--- RAW DATA Enclosed Below ---

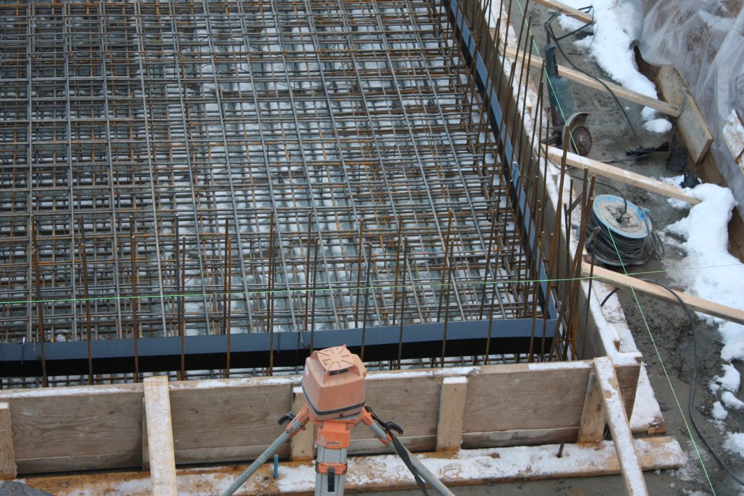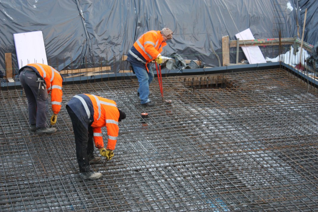 Auf den Bildern kann man sehr gut die Armierung der Grube für die Hebeanlage sehen, ebenso die senkrecht nach oben ragenden Armierungen.
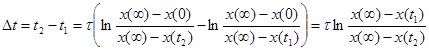 , за который функция x (t) изменяется от значения x (t 1) до значения x (t 2). Запишем значение функции в точках t 1 и t 2:
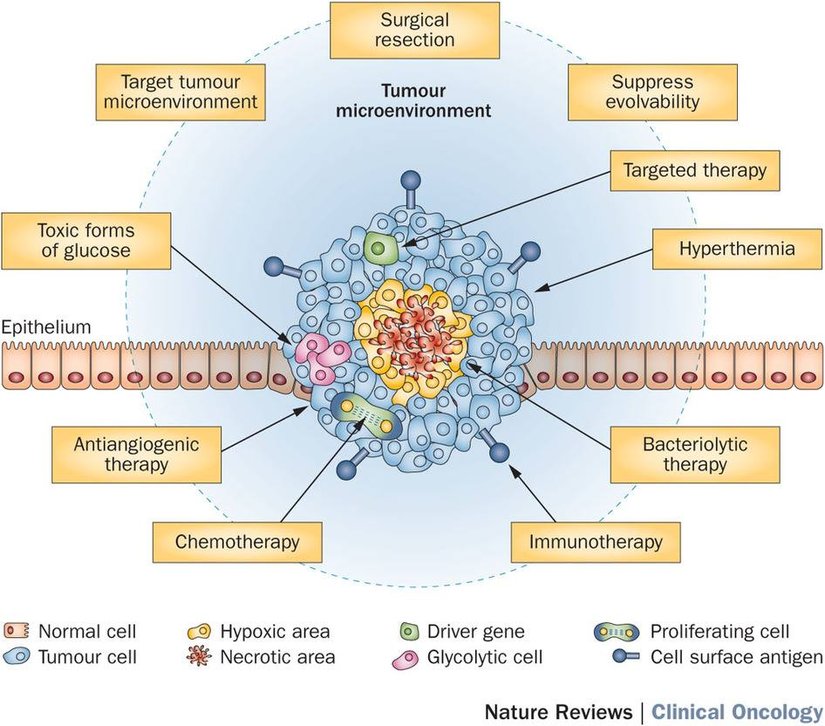 Nature Clinical OncologyKanser dediğimiz olgu, çok hücreli organizmaları oluşturan hücrelerden bazılarının mutasyonlar sonucu bölünme döngülerinin farklılaşmasıyla kontrolsüz olarak çoğalmalarıdır. Bu tür bir çoğalma, tümör denen hücre yığınlarını oluşturur. Aslında bu tür hatalı hücreler, vücudumuzda sıklıkla oluşur. Çoğu zaman bu hücreler savunma sistemimiz tarafından hemen yok edilirler. Ancak bazıları, bu savunma sisteminden kaçabilecek kadar farklıdır veya hızlıdır. Bu durumda, hızla çoğalarak çok kısa bir sürede çok miktarda nesil atlar. Bu noktadan sonra kanserli dokunun sıradan bir canlı popülasyonundan farkı yoktur: her bir hücre birbirinden az miktarda farklıdır, bu hücreler bir popülasyon oluşturur, bu popülasyon üzerine çok sayıda seçilim baskısı işler, bazıları buna diğerlerinden daha iyi direnir, hayatta kalırlar ve çoğalmayı sürdürürler. Böylece kanser popülasyonu, her bölünmeyle birlikte yeni bir nesil atlar, her nesille birlikte biraz daha evrimleşir. Bunun bir aslan, insan, at, pamuk, şeker pancarı ya da koli basili popülasyonunun evriminden hiçbir farkı yoktur (bu sayılanların bir kısmı mitozla değil, mayozla bölünür ve ürer, tek fark budur ki bu fark, sonuca doğrudan etki etmez).
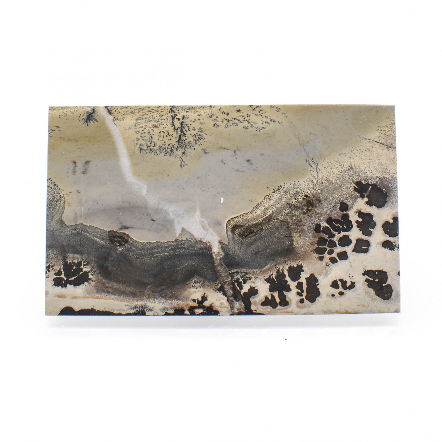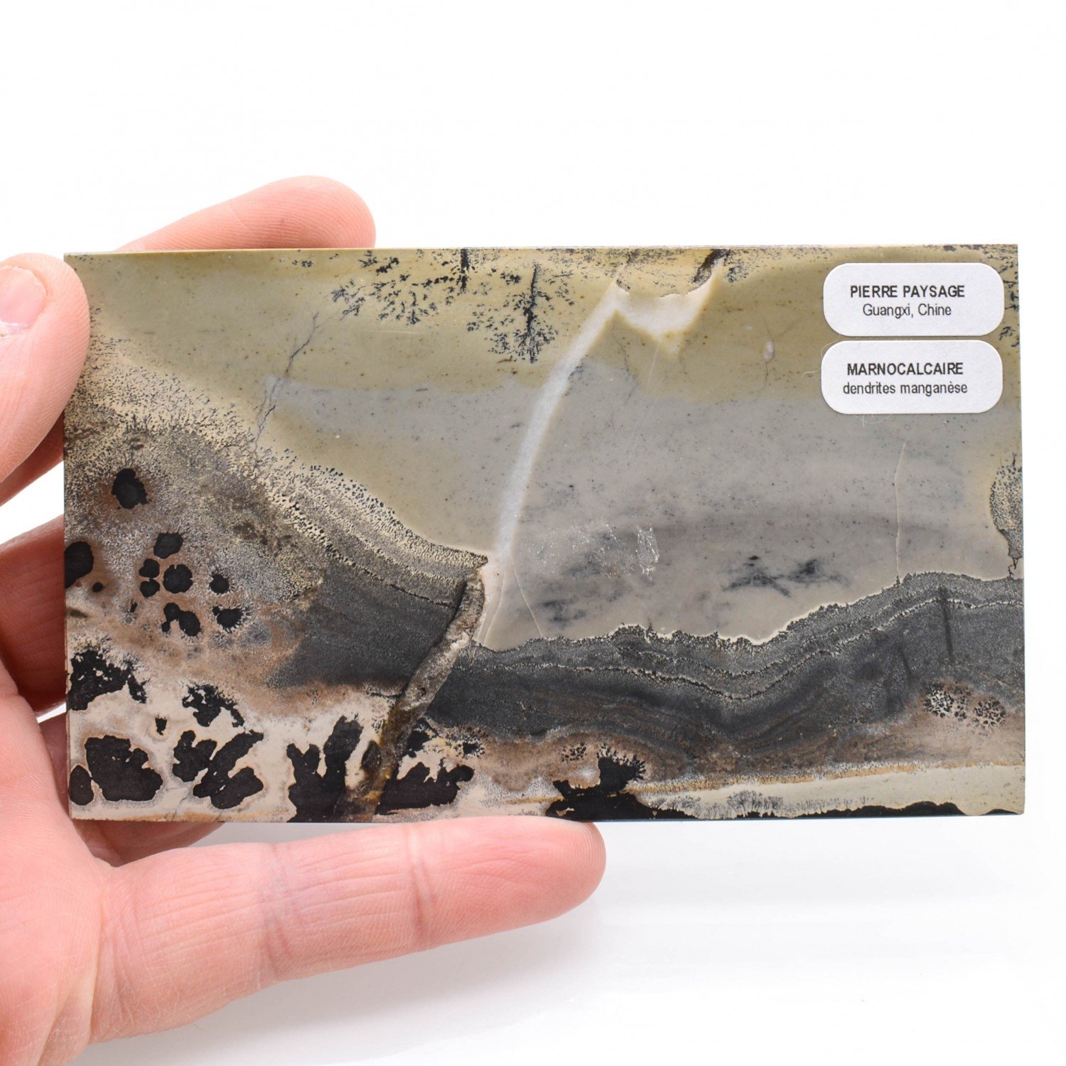 Rectangular Chinese landscape stone in the style of Italian paesine. These are very fine-grained slabs of limestone, sawn and polished, with colors governed by iron oxide content (the reddest being the rarest), and patterns naturally formed by manganese dendrites. Also known as "Guohua stone", "picture stone" or "painting stone".
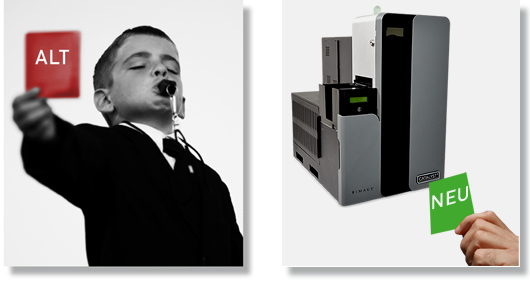 Sie kaufen bis zum 31. Juli 2024 ein neues Rimage Catalyst 6000N System und geben uns Ihr „altes“ Gerät - egal welcher Hersteller - zurück. Dieser Wechsel ist uns eine stolze Ablösesumme wert!

--- End of Enclosed RAW DATA ---

TASK TO CARRY OUT
Return the material above in exact form. Pictures stay out.

RESPONSE AREA
 Auf den Bildern kann man sehr gut die Armierung der Grube für die Hebeanlage sehen, ebenso die senkrecht nach oben ragenden Armierungen.
 , за который функция x (t) изменяется от значения x (t 1) до значения x (t 2). Запишем значение функции в точках t 1 и t 2:
 Nature Clinical OncologyKanser dediğimiz olgu, çok hücreli organizmaları oluşturan hücrelerden bazılarının mutasyonlar sonucu bölünme döngülerinin farklılaşmasıyla kontrolsüz olarak çoğalmalarıdır. Bu tür bir çoğalma, tümör denen hücre yığınlarını oluşturur. Aslında bu tür hatalı hücreler, vücudumuzda sıklıkla oluşur. Çoğu zaman bu hücreler savunma sistemimiz tarafından hemen yok edilirler. Ancak bazıları, bu savunma sisteminden kaçabilecek kadar farklıdır veya hızlıdır. Bu durumda, hızla çoğalarak çok kısa bir sürede çok miktarda nesil atlar. Bu noktadan sonra kanserli dokunun sıradan bir canlı popülasyonundan farkı yoktur: her bir hücre birbirinden az miktarda farklıdır, bu hücreler bir popülasyon oluşturur, bu popülasyon üzerine çok sayıda seçilim baskısı işler, bazıları buna diğerlerinden daha iyi direnir, hayatta kalırlar ve çoğalmayı sürdürürler. Böylece kanser popülasyonu, her bölünmeyle birlikte yeni bir nesil atlar, her nesille birlikte biraz daha evrimleşir. Bunun bir aslan, insan, at, pamuk, şeker pancarı ya da koli basili popülasyonunun evriminden hiçbir farkı yoktur (bu sayılanların bir kısmı mitozla değil, mayozla bölünür ve ürer, tek fark budur ki bu fark, sonuca doğrudan etki etmez).
 Rectangular Chinese landscape stone in the style of Italian paesine. These are very fine-grained slabs of limestone, sawn and polished, with colors governed by iron oxide content (the reddest being the rarest), and patterns naturally formed by manganese dendrites. Also known as "Guohua stone", "picture stone" or "painting stone".
 Sie kaufen bis zum 31. Juli 2024 ein neues Rimage Catalyst 6000N System und geben uns Ihr „altes“ Gerät - egal welcher Hersteller - zurück. Dieser Wechsel ist uns eine stolze Ablösesumme wert!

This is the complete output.